Rating:  Summary: Simple 401(k) strategy to protect your retirement Review: This book is actually very simple. The author's point is to watch the Fed for signals on what to do with your 401(k). You keep your money in the market when the Fed is supporting economic growth, and pull your money out of the market when the Fed is not trying to rein in economic growth. If I had followed this strategy, I wouldn't have been holding stocks in the last bear market.

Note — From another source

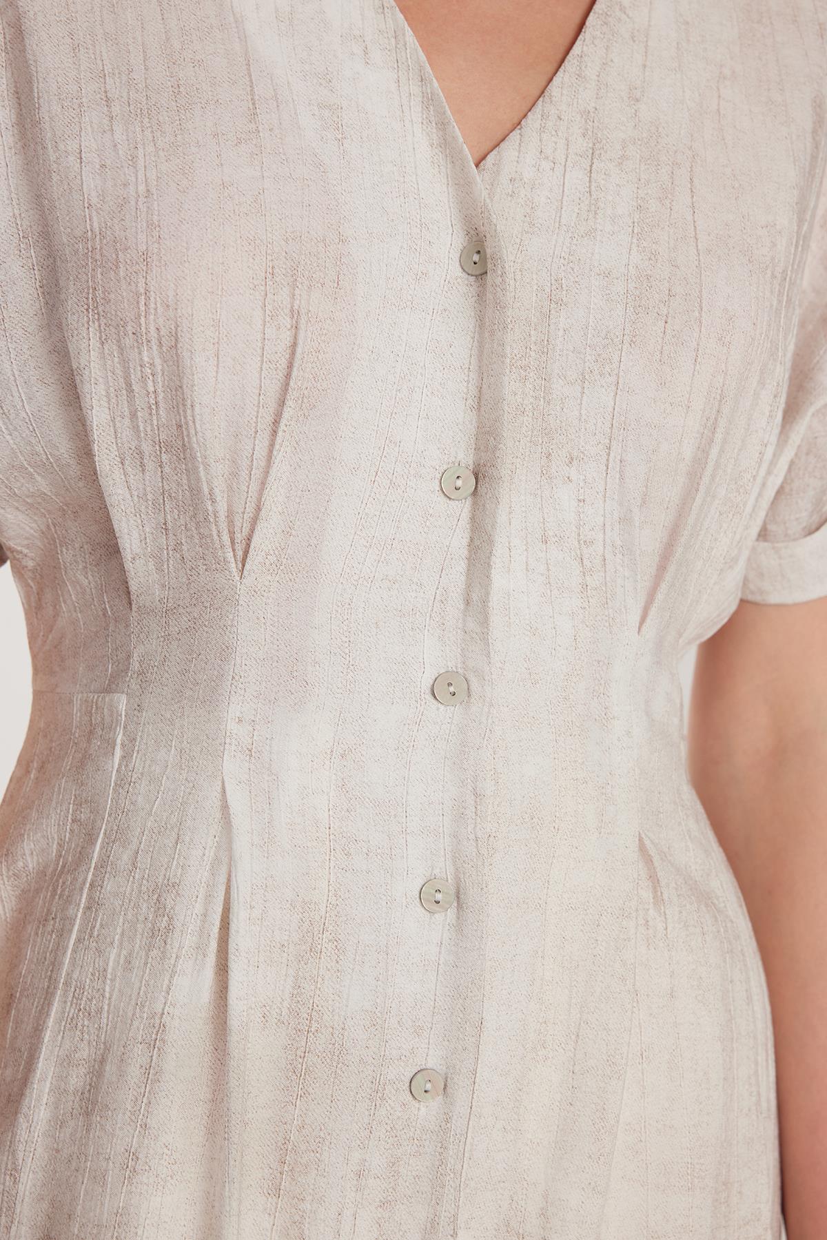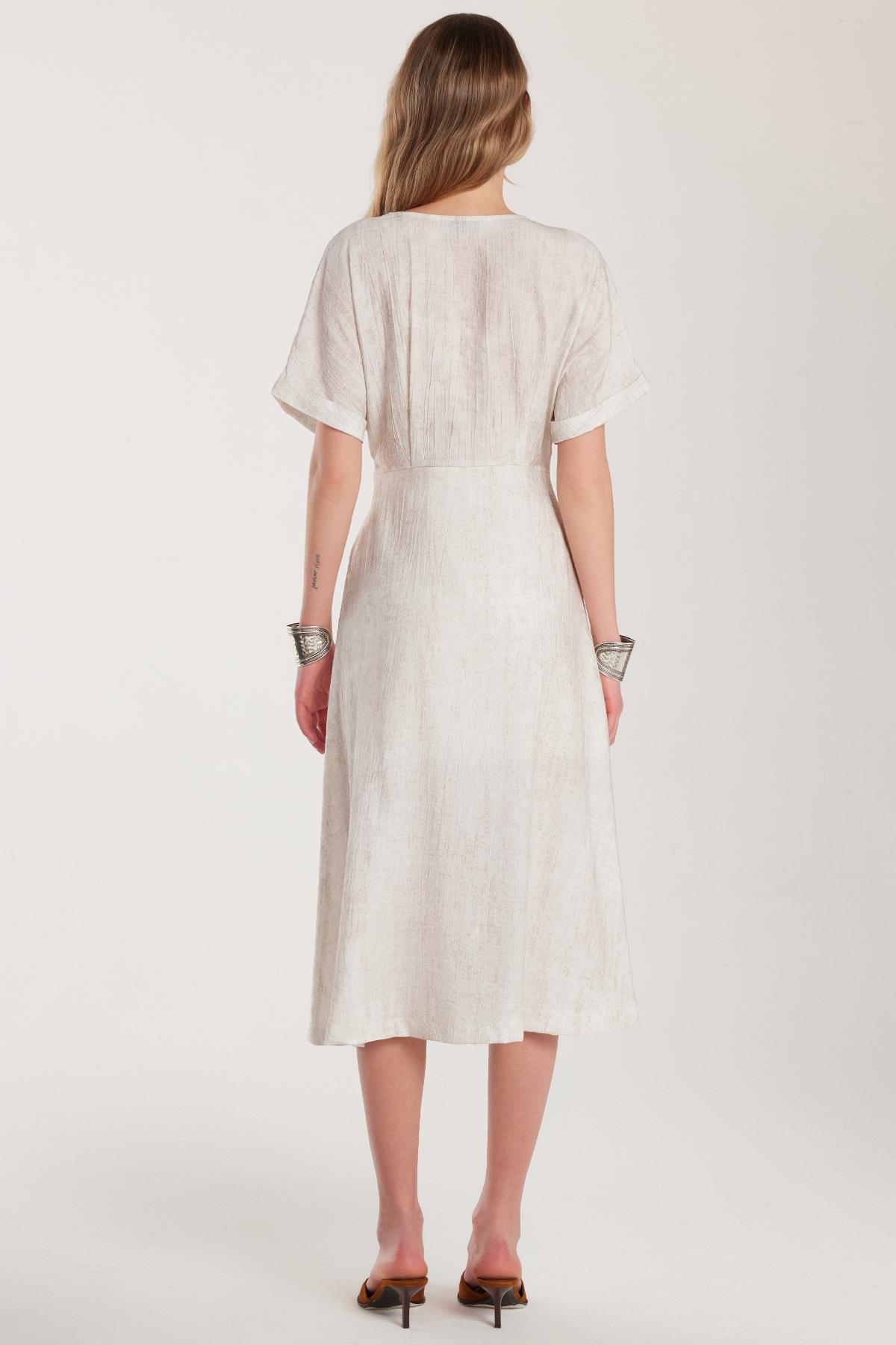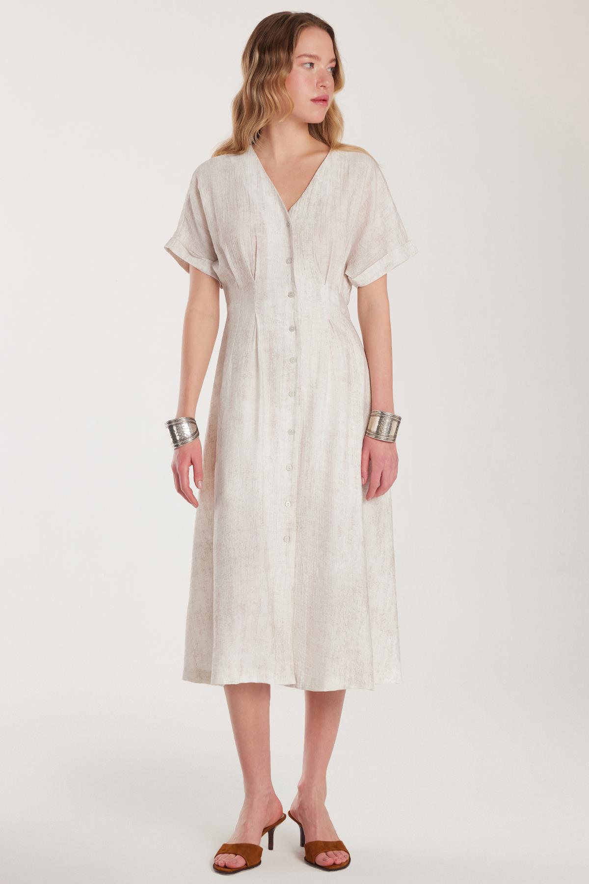 Kadın Standart Fit Düğmeli V Yaka Taş Elbise

Rating:  Summary: Reasonable advice, not a bad book. Review: Written in very easy-to-understand language (a bit too simple for anyone who even reads the Business Week). But it does get the point across. It focuses on exactly one idea of "following the Fed" and boils it down to one simple market-timing rule. The book actually injects some reason behind why this should work, unlike most other market timing concepts which are a little more than astrology. I am willing to put at least some of my money on it. I did find it upsetting that the signals traded you in and out somewhat frequently in 1998, but it did cause you to stay pat in the good parts and did keep you out of many of the bad. One reviewer complains that these signals would have brought you back in the market in 3/2001, and the market has dropped since. But the point is that the Fed's cue is still positive, and the market will eventually rise before a sell signal is generated. The Fed has already started to try to make things better as of 3/2001, - it can't help if [some major companies] cooked their books and its all coming out now (Yes, Fed is not the only factor, but the one that is likely to win eventually). I think the book is very light on information, and should have probably cost less ... Other than the essential idea, and a pointer to the Fed website (the address is not quite right), it is basically the same words repeated again and again.